## REQUIRED WORK
Set down, please, exactly the lines below that run from the line with "Działka ogrodzona płotem" to the line with "And better still, it", both lines included.

Start of RECORDS TO USE

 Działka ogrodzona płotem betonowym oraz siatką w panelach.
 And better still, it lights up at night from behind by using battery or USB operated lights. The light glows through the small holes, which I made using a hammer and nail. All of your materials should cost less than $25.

End of RECORDS TO USE
Start of RECORDS TO USE

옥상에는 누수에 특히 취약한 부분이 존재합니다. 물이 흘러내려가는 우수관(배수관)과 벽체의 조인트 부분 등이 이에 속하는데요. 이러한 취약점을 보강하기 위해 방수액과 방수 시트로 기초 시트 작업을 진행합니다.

End of RECORDS TO USE

## TASK SOLUTION
 Działka ogrodzona płotem betonowym oraz siatką w panelach.
 And better still, it lights up at night from behind by using battery or USB operated lights. The light glows through the small holes, which I made using a hammer and nail. All of your materials should cost less than $25.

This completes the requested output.